Indeed, let $G$ be its Zariski closure. Let $U$ be its unipotent radical: by irreducibility, $U$ is trivial [this very point applies even assuming irreducibility over a subfield of $\mathbf{C}$].

Since $G$ is nilpotent, we deduce that $G^0$ is a torus, denote it as $D$. Every algebraic group over $G$ has a finite subgroup $F$ such that $G^0F=G$. Fixing such $F$, we have $G=DF$.

Identify the algebraic groups with their complex points.

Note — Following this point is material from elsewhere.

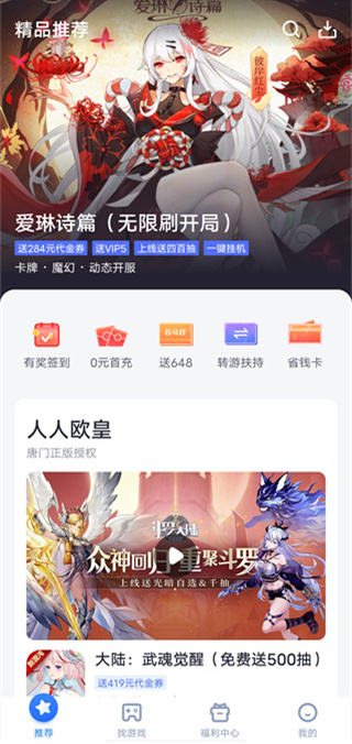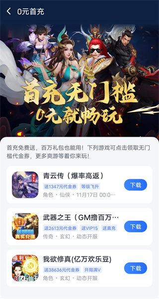 也可以进入【0元首充】,里面都是免费送首充的游戏。

Let $T$ be the torsion subgroup of $D$. Then $F$ acts on $D/T$, which is an infinite-dimensional vector space over $\mathbf{Q}$. Then the set of fixed points has a unique complement $W$, and $[F,W]=W$ (this holds for a action of an arbitrary finite group on an arbitrary vector space over $\mathbf{Q}$). Since $F\ltimes (D/T)$ is nilpotent, we deduce that $W=0$. So $F$ acts trivially on $D/T$. Hence $[F,D]\subset T$. Since $D$ is connected and $T$ is totally disconnected (it is countable), we deduce that $[F,D]$ is trivial. That is, $D$ is central.

Since $D$ is central and acts diagonalizably, it acts as scalars.

But $G$ has only the determinants $\pm 1$. So $|D|$ has cardinal $\le 2n$, and hence $G=DF$ is finite.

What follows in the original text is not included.